Beberapa hari berikutnya terasa surreal. Shawn dan keluarganya menepati janji mereka. Mereka meminta maaf secara terbuka di depan kota mereka, mengakui kesalahan mereka. Itu adalah pengalaman yang menyakitkan bagi Teresa, tetapi juga melegakan. Kerusakan telah terjadi, tetapi sekarang, dia akhirnya bisa mulai sembuh.
“Aku minta maaf, Teresa,” kata Shawn pelan setelah permintaan maaf publik. “Aku nggak mengharapkan kamu untuk memaafkanku segera, tapi aku ingin menebusnya.”
Teresa mengangguk, hatinya masih bingung. “Ini akan butuh waktu,” jawabnya lembut. “Tapi aku menghargai usaha kamu.”
Mereka membantu memperbaiki mobilnya, bahkan menemukan pekerjaan baru untuknya.
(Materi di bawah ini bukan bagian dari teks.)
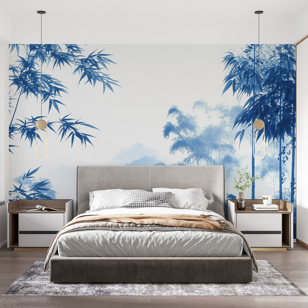Papier Peint Mural Bambou | Design Jardin Japonais Bleu
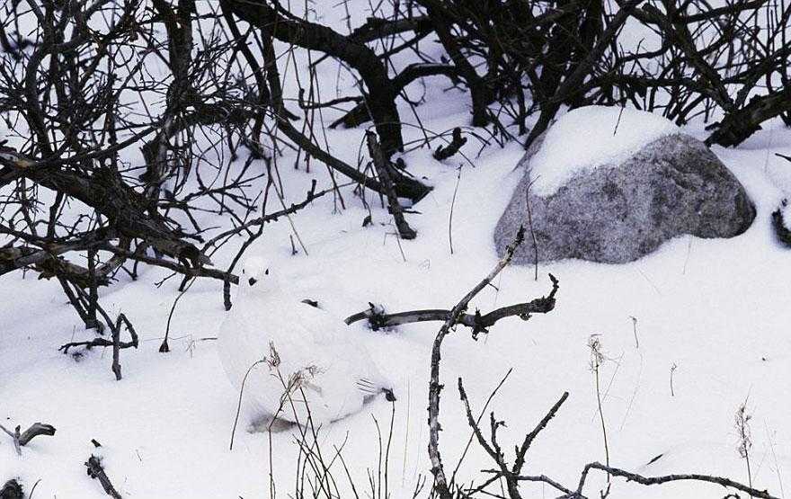 Жители северных широт также неплохо приспособились к тому, чтобы прятаться в снегах. Песец, например, к зиме линяет, его мех становится не только гуще и теплее, но и абсолютно белым, поэтому животное может прятаться в сугробах и полностью сливаться с их фоном.

Perlahan, beban yang telah membuat hidupnya sesak mulai terangkat. Itu bukan hanya tentang permintaan maaf atau kompensasi—itu tentang merebut kembali kedamaian hatinya.
“Aku akhirnya bisa bernapas lagi,” bisik Teresa pada dirinya sendiri saat dia berdiri di dekat jendela, menatap cakrawala. Mimpi buruk itu sudah berakhir, dan dia siap melanjutkan hidup, lebih kuat dan lebih percaya diri dari sebelumnya.